» Record extracts
[Start of section]

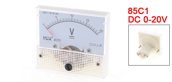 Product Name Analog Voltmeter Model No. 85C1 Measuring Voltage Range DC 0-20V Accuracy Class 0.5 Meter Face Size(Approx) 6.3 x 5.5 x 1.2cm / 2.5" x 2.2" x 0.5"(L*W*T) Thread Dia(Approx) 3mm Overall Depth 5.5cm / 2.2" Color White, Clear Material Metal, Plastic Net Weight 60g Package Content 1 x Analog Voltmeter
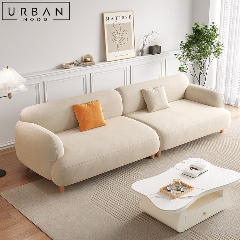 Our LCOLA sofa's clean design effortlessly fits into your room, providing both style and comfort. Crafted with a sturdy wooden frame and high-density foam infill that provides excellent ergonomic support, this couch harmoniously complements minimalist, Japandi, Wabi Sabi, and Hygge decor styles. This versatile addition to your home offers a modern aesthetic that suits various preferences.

[End of section]
[Start of section]

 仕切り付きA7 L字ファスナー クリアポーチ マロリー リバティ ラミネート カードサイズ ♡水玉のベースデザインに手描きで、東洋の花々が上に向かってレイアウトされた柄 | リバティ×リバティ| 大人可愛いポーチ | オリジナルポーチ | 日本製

[End of section]

» The task
Print exactly, with no pictures, the lines above from the one that holds "Product Name Analog" through the one that holds "Our LCOLA sofa's", both of them included.

» Result of this task
 Product Name Analog Voltmeter Model No. 85C1 Measuring Voltage Range DC 0-20V Accuracy Class 0.5 Meter Face Size(Approx) 6.3 x 5.5 x 1.2cm / 2.5" x 2.2" x 0.5"(L*W*T) Thread Dia(Approx) 3mm Overall Depth 5.5cm / 2.2" Color White, Clear Material Metal, Plastic Net Weight 60g Package Content 1 x Analog Voltmeter
 Our LCOLA sofa's clean design effortlessly fits into your room, providing both style and comfort. Crafted with a sturdy wooden frame and high-density foam infill that provides excellent ergonomic support, this couch harmoniously complements minimalist, Japandi, Wabi Sabi, and Hygge decor styles. This versatile addition to your home offers a modern aesthetic that suits various preferences.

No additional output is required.